Della storia economica di questo Paese (e non solo di questo Paese) è stato un protagonista discreto e sereno: dalla Banca Mondiale all’università (Bologna, RomaTre), ai ministeri (consulente per quello del Bilancio, del lavoro e dell’ambiente e della Cassa per il Mezzogiorno). Attivissimo i diversi centri studi, da Arpes a Cles.

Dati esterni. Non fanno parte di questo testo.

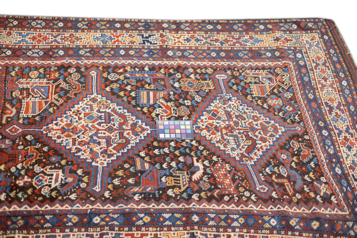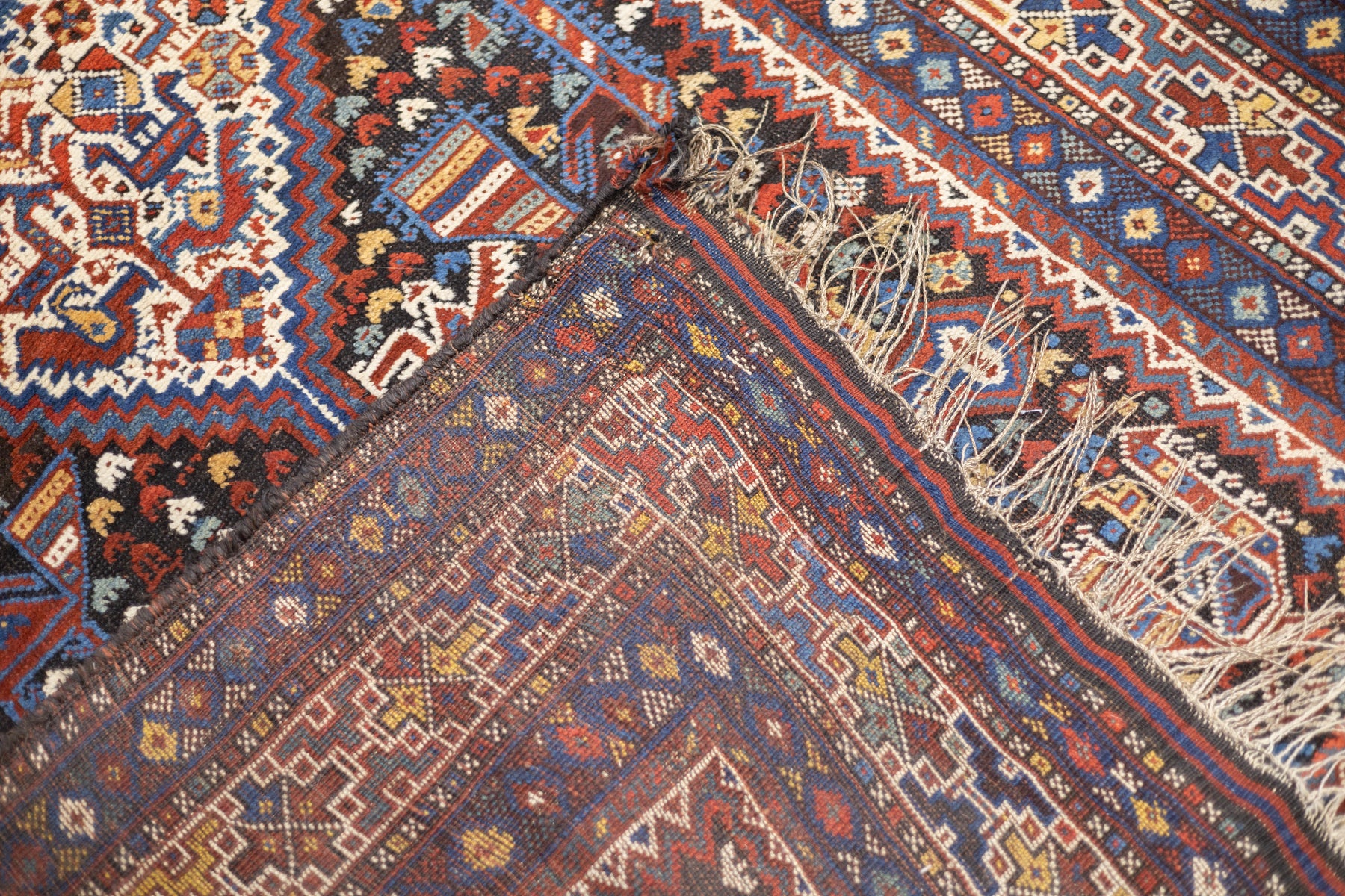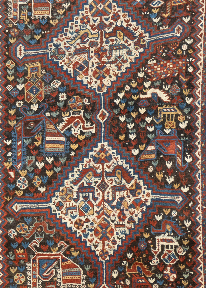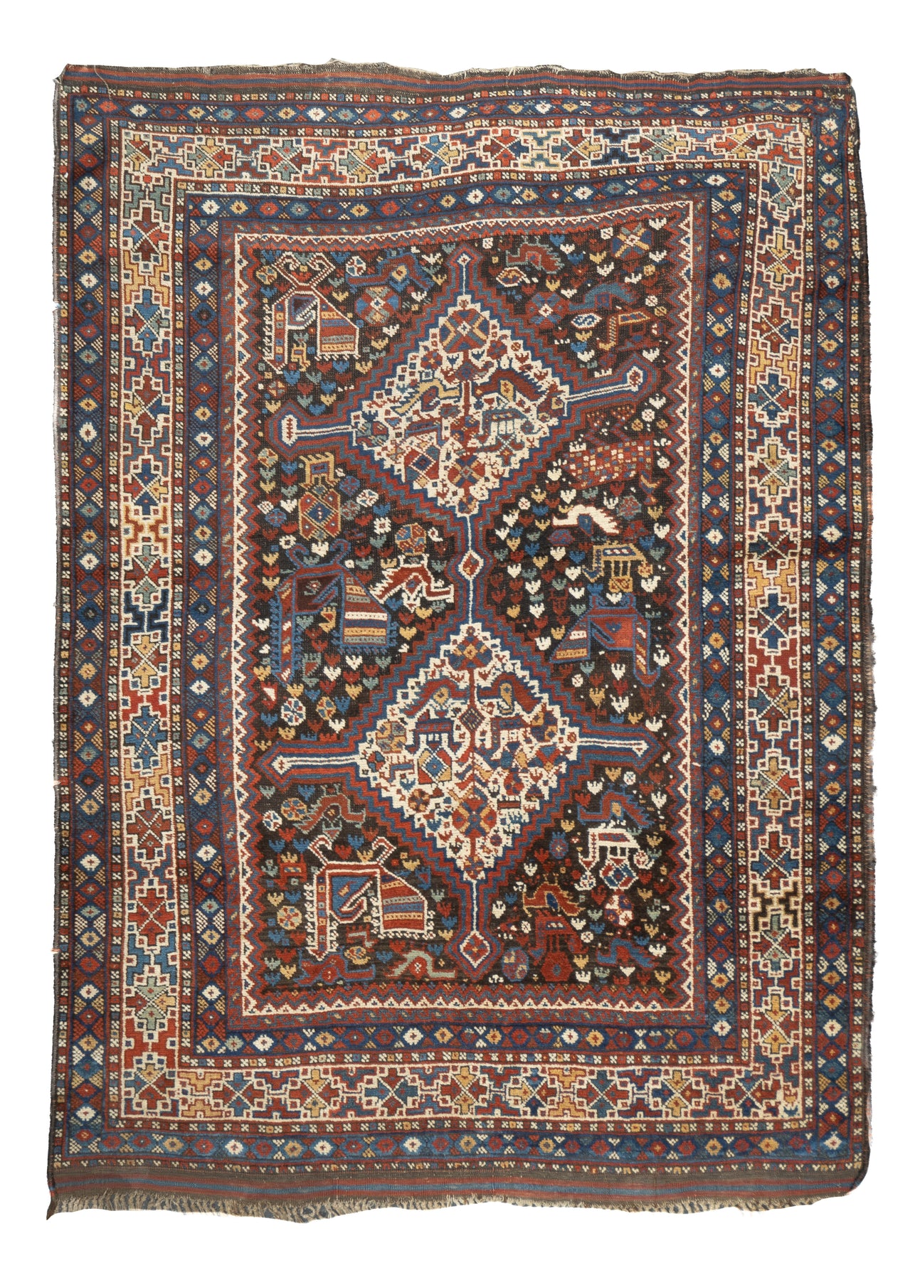 The best SW Persian, Fars Province nomadic rugs, mostly in scatter formats. Geometric Gabbehs, lion rugs, adapted Persian curvilinear styles. Some well-woven prayer rugs. All-wool constructions. Pictorial rugs. Weaving goes back to at least the mid-19th century. Excellent wool quality.

E Giorgio Benvenuto, presidente di questa Fondazione, all’epoca segretario generale della Uil, lo ricorda con commozione: “Era la metà degli anni Settanta quando grazie a Paolo, a Federico Mancini, a Pietro Craveri, a Paolo Garonna, a Giuseppe Pignatelli e ad Aldo Canale, demmo vita al Crel”. Leon il Centro Ricerche Economia e Lavoro lo ha diretto per lungo tempo. E poi l’impegno nel Psi: “Nel Partito Socialista bisognava stare in correnti ed io facevo parte della corrente di Lombardi ma frequentai Basso e De Martino. Lì imparai come si scrive sui giornali e “come si sta in pubblico”. Una cosa è la lezione, un’altra cosa è parlare in pubblico; è necessario saper intuire quello che sta immaginando il pubblico mentre parli ed è una cosa che si apprende solo in politica o a teatro”.
Poi arrivò il Midas: “Mi staccai dalla corrente lombardiana perché votai contro Craxi; fui poi espulso dallo stesso Craxi nel 1981 perché avevo capito, e con altri avevo denunciato, che esisteva il “conto protezione”. Lo ricorda Benvenuto, lo saluta la Cgil sottolineando “l’argomentatore lucido e instancabile della necessità di un ruolo pubblico nell’economia”, in contrapposizione ai liberisti “duri e puri” che hanno contribuito a vanificare e smantellare quel ruolo in ossequio alla supremazia di un mercato dalle regole non troppo coerenti e sicuramente pochissimo eque.